━━ EXERCISE MATERIAL ━━

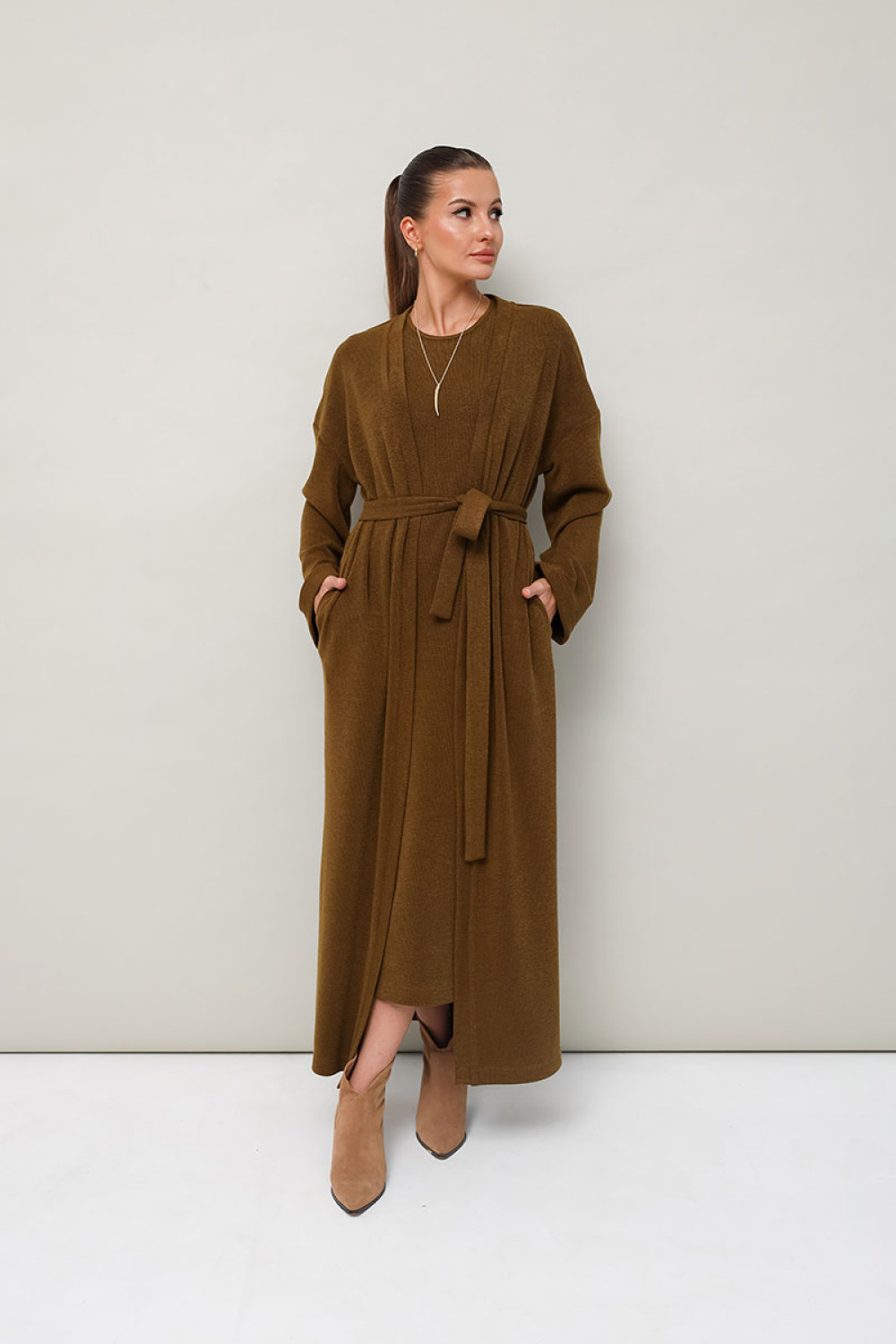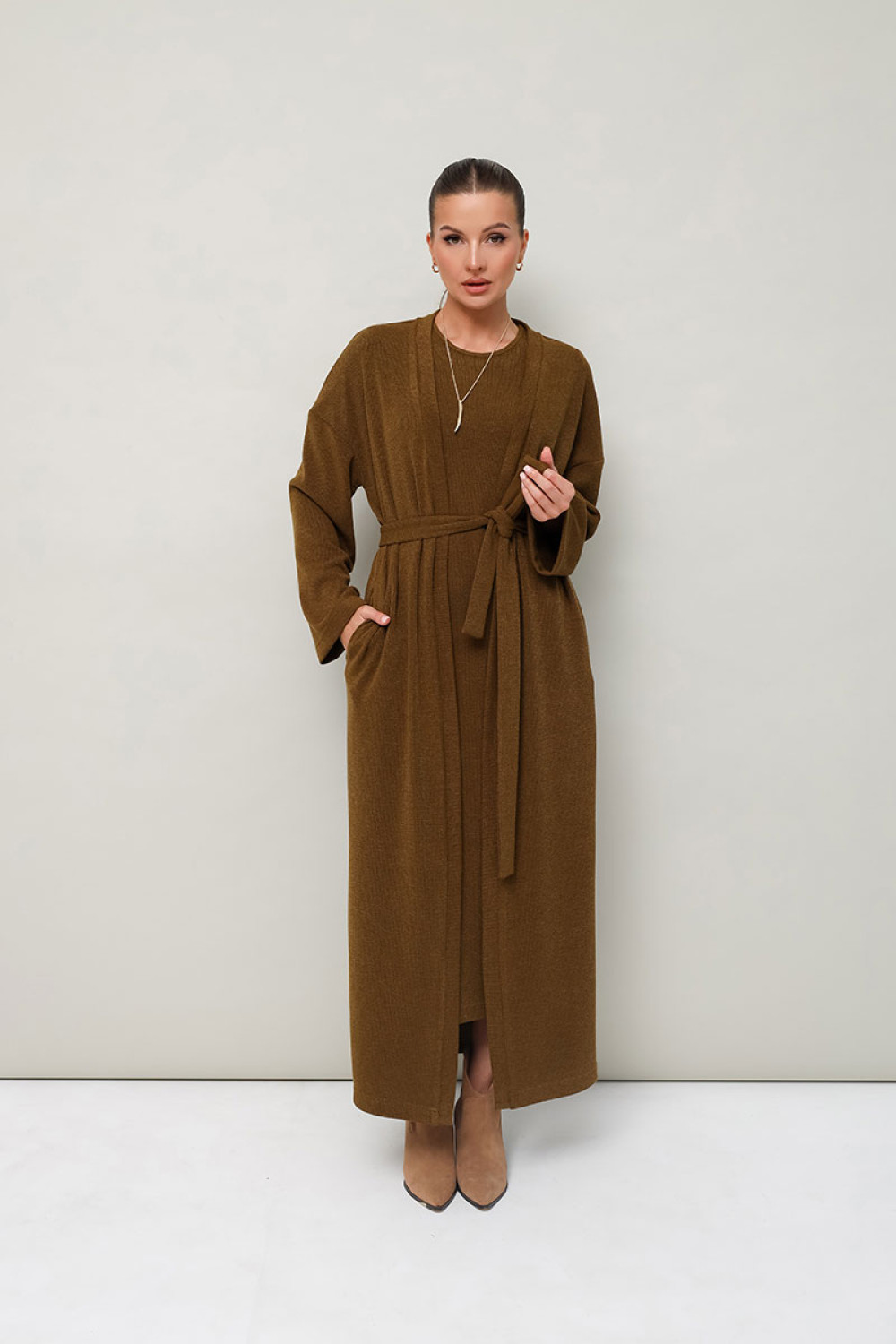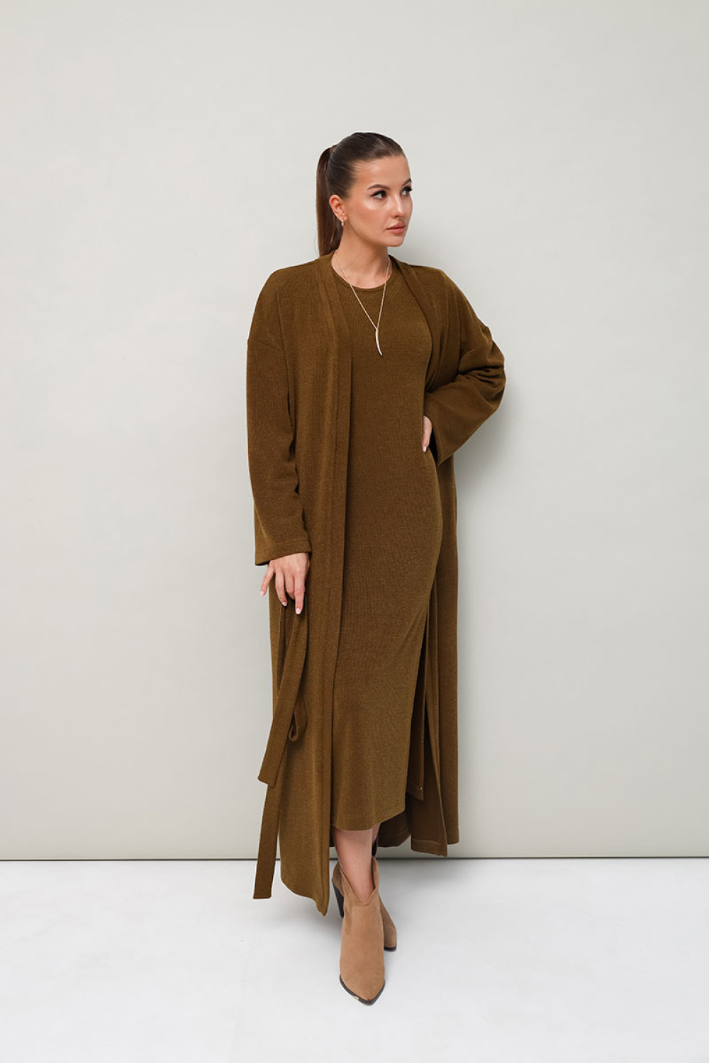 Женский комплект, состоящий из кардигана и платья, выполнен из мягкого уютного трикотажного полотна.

━━━
━━ EXERCISE MATERIAL ━━

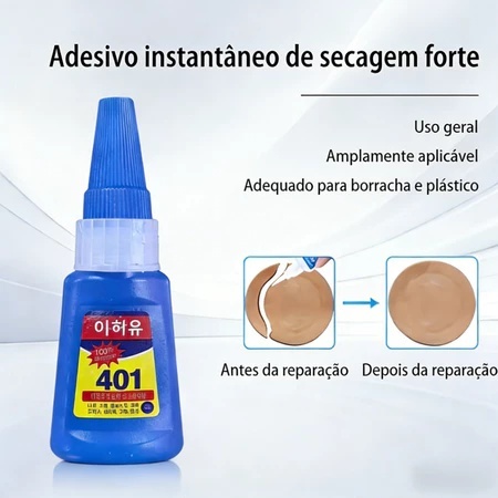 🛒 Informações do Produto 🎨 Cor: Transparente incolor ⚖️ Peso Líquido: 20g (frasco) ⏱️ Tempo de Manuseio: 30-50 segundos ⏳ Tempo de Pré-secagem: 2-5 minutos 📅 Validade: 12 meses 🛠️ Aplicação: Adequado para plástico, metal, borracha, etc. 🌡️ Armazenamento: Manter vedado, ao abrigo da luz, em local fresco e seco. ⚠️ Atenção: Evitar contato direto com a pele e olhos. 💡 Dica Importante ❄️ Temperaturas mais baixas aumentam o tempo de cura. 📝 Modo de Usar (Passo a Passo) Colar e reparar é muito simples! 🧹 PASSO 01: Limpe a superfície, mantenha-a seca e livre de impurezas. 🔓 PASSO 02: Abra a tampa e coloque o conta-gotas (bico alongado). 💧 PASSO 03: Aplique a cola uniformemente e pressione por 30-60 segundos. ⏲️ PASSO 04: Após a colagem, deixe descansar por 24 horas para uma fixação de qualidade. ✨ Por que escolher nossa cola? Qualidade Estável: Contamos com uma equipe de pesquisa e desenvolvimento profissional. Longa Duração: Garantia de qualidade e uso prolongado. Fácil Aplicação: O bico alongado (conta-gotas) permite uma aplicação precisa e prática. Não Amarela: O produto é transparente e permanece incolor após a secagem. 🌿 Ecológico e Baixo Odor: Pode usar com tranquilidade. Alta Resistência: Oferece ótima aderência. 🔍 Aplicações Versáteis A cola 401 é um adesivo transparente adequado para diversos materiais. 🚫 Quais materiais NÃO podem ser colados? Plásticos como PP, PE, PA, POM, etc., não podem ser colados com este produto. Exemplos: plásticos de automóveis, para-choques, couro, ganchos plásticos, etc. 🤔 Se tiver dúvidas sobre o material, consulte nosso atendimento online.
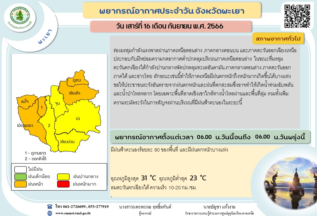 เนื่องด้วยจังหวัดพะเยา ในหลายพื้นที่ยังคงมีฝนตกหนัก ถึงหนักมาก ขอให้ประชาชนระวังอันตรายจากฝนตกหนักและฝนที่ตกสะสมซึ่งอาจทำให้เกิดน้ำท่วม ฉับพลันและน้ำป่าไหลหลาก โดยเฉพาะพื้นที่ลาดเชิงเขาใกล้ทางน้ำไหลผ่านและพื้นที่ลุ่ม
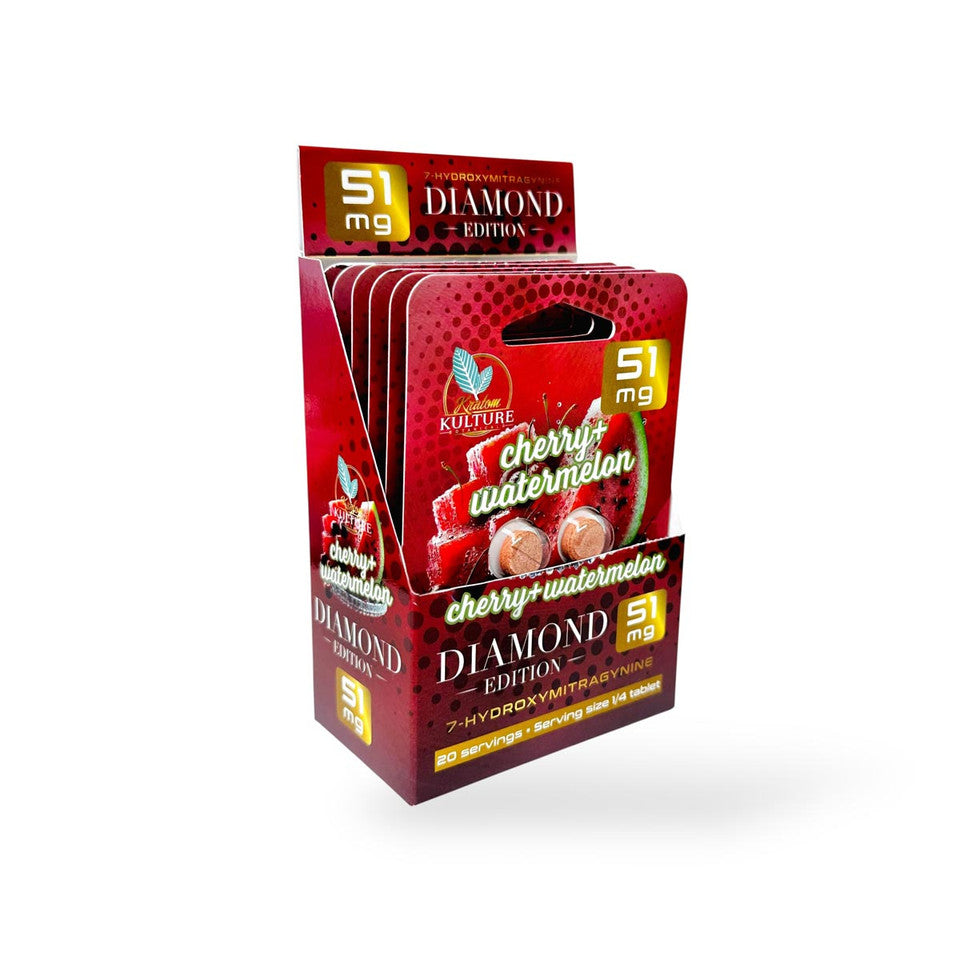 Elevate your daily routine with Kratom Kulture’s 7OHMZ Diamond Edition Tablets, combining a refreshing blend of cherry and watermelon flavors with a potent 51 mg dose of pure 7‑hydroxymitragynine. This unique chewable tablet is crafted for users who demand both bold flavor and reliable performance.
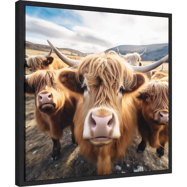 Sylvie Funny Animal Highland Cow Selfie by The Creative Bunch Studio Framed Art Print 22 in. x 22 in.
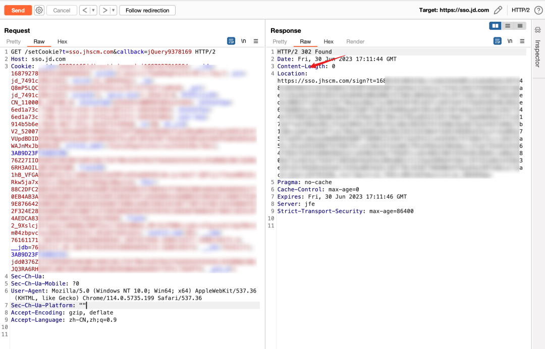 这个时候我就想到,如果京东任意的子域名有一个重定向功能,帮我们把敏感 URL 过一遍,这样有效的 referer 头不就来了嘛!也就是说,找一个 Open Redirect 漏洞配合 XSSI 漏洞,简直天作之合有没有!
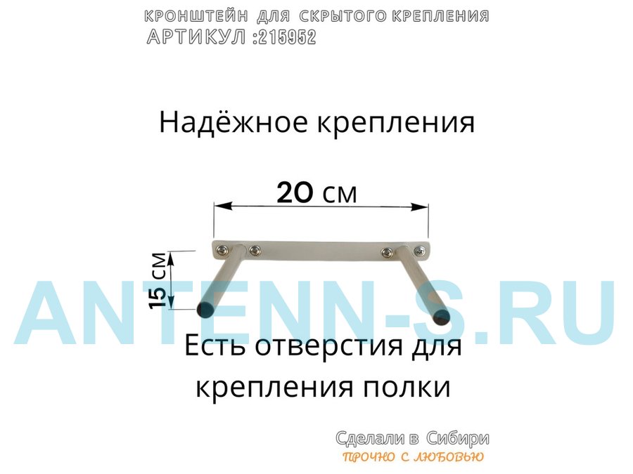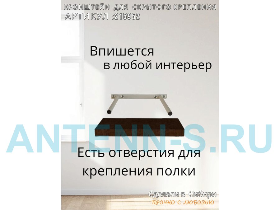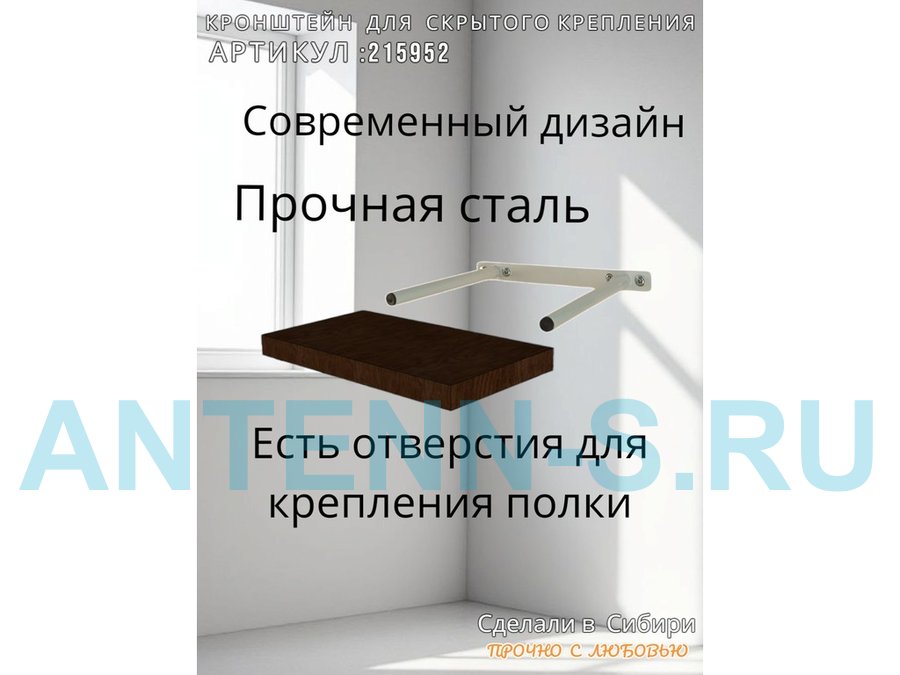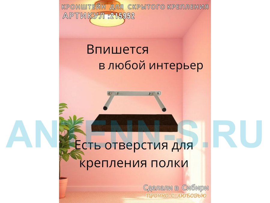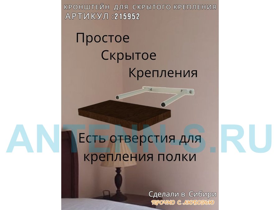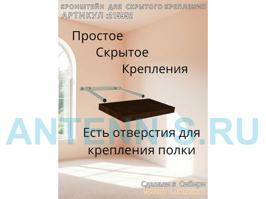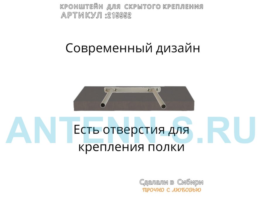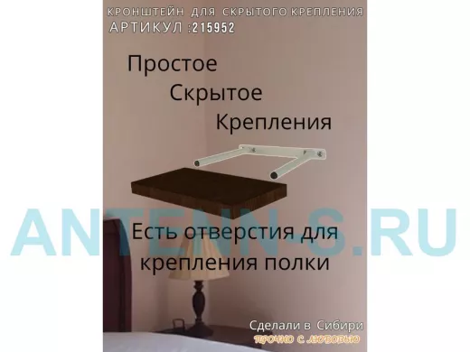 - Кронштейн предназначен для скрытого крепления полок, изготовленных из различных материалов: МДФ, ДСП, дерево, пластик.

━━━

**ACTION ITEM**
For the material above, give again only the lines starting at the line that contains "Sylvie Funny Animal" and ending at the line that contains "- Кронштейн предназначен". Pictures do not belong in the copy.

**RESULT**
 Sylvie Funny Animal Highland Cow Selfie by The Creative Bunch Studio Framed Art Print 22 in. x 22 in.
 这个时候我就想到,如果京东任意的子域名有一个重定向功能,帮我们把敏感 URL 过一遍,这样有效的 referer 头不就来了嘛!也就是说,找一个 Open Redirect 漏洞配合 XSSI 漏洞,简直天作之合有没有!
 - Кронштейн предназначен для скрытого крепления полок, изготовленных из различных материалов: МДФ, ДСП, дерево, пластик.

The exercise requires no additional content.